Maybe it's the Chinese government, maybe it's a hacker at a chip factory, maybe it's the Russian mafia, maybe it's a rogue NSA operative (or the NSA itself), but SOMEONE will do this eventually. They may not be after your data, but if it becomes useful (i.e. valuable) to them, then they'll use it.
"People who do stupid things with hazardous materials often die." -- Jim Davidson on alt.folklore.urban
I was a gung-ho CS student when this article came out, and we spent a LOT of time hashing it over. He specifically did not say that he had done this, and while I don't remember him making an outright denial, we concluded that he hadn't. After all, the C compilers of that day were still small enough to be understood by a single human, and comparing C code to the assembly code generated from it (or comparing that assembly code to generated machine instructions) was not very challenging.
Maybe the Jargon File entry is right, and he did implement it as a proof-of-concept, but it wasn't widely distributed. It was easy enough for an interested (and bored) undergrad to check out over a weekend, but hard enough that compiler distributions weren't routinely examined.

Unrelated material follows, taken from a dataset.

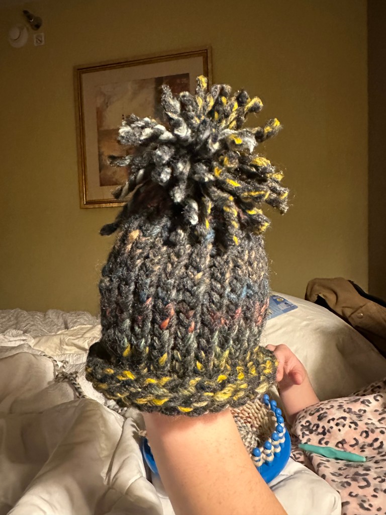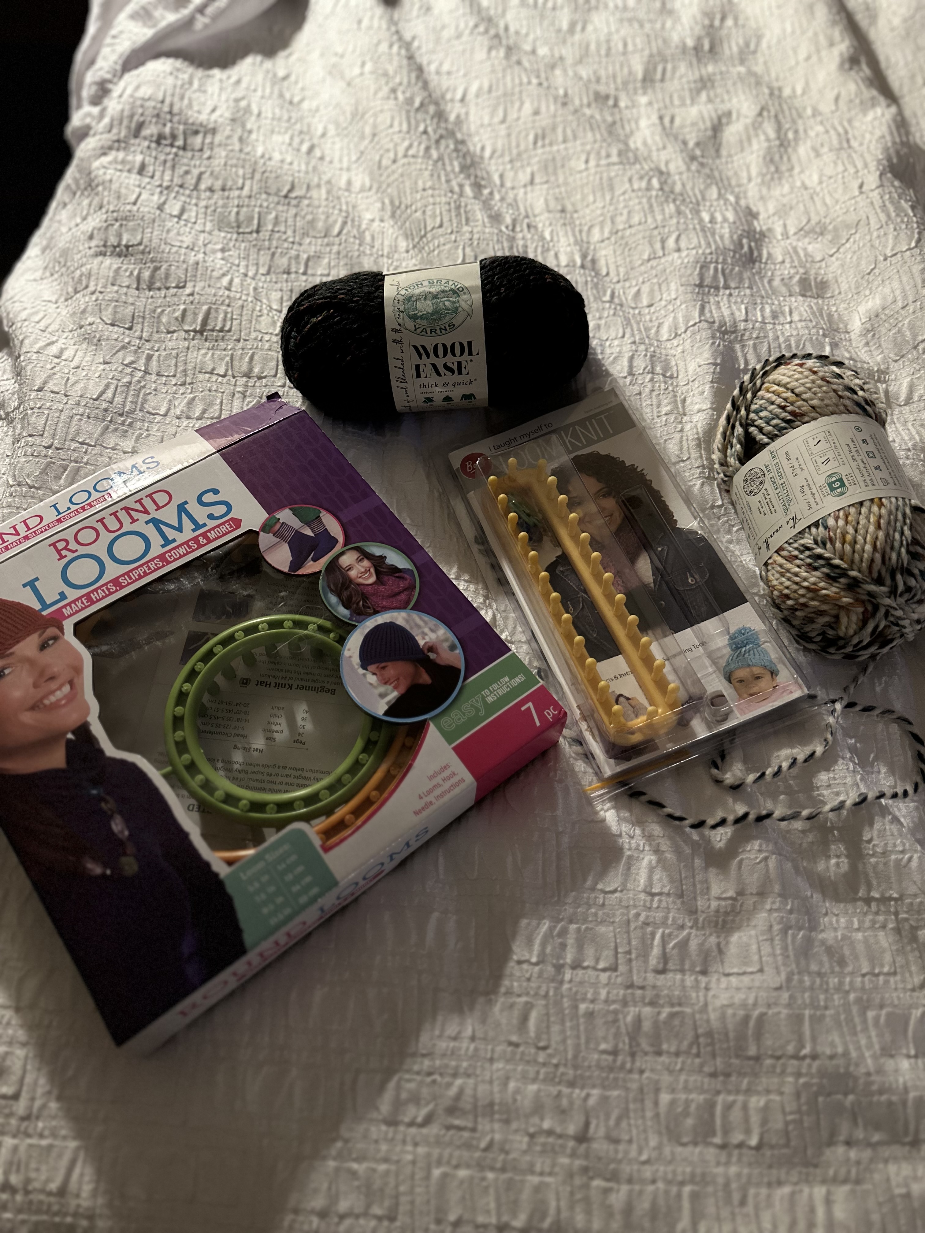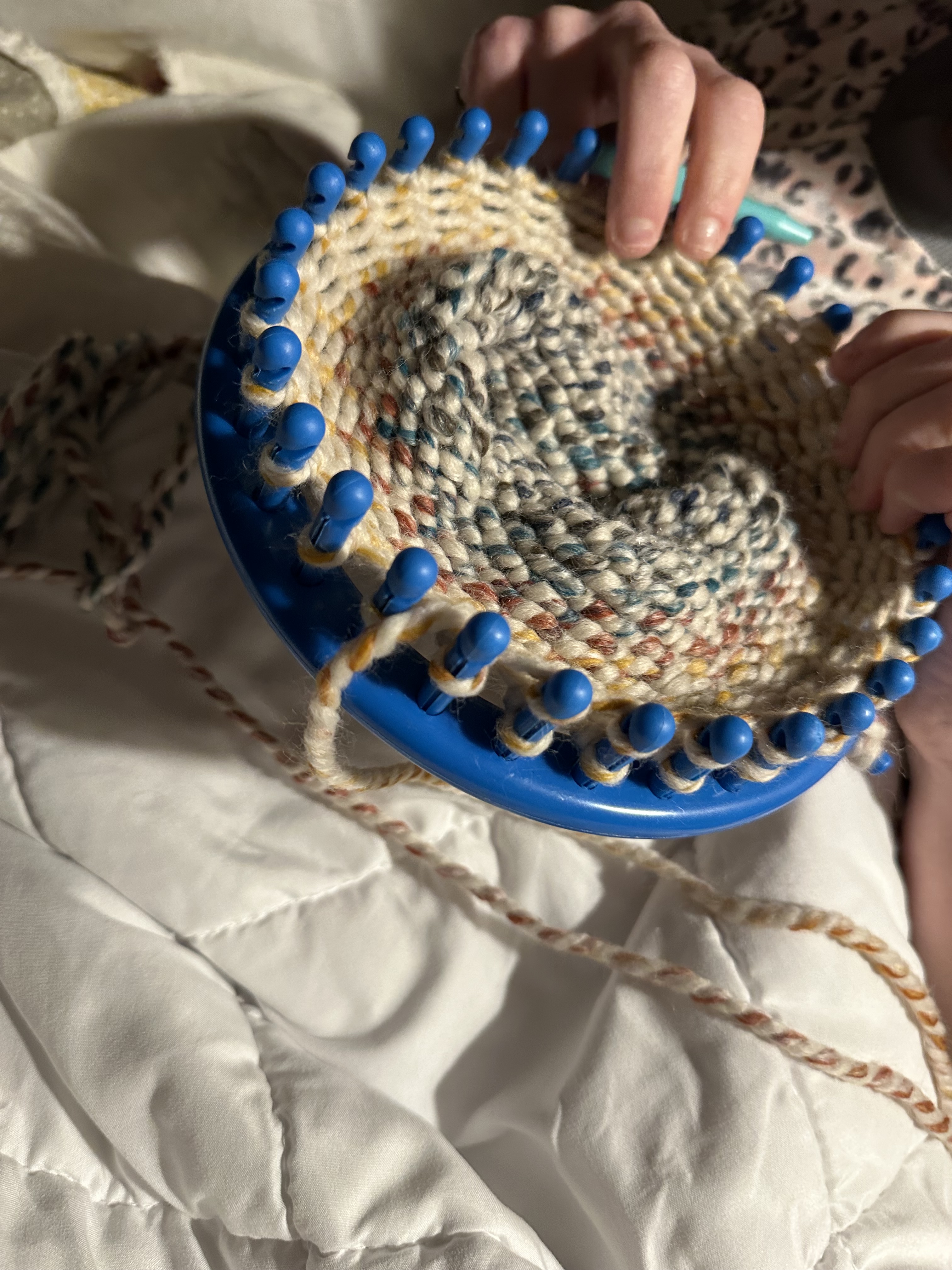 Years ago, we made a bunch of hats using round looms. I’d passed the looms on to someone else to enjoy once we’d squeezed all our own joy from them, so I stopped in and got some new ones, along with some yarn for the journey. Together, we watched a refresher YouTube video to re-learn how to cast on and cast off, and we started our handiwork.

With today's optimizing compilers and layers upon layers of abstraction, though, it seems like there's more than enough room for plenty such exploits. Pham Nuwen can still have his backdoor into the localizers.
there was an incident with the CIA and Lenovo pcs, they were able to download the data and send it home to China. thats why there was a big issue over the a Chinese company buying 3COM, it was part of the deal that if they bought 3COM, then 3Com would pay ot have all of there network stuff replaced with Cisco or other US Company equivalent.
Everybody laughed! Now the NSA officially moves in to Google. ( Probably from the Back-Office now going in throught the Front-Door ) The perfect and low budget replacement with added target-ability saving the Services the hassle to scan through the mud of nonsense flowing in the communication traffic worldwide, the inclusion of a Trojan Boot Loader (TBL) in Network Devices.
Put it in Routers and Switches in the form of a dirty programmed self-modifying routine nobody is able to detect it.
When you hear that company XYZ or University MNO or government of BigBrotherHome has something interesting, you wake it up via a reply from a search engine, addressed by the serial number of the device. This TrojanBootLoader then receives its orders from Gockel or any other and everybody has the fifth colonne right in his house - even paying for it himself!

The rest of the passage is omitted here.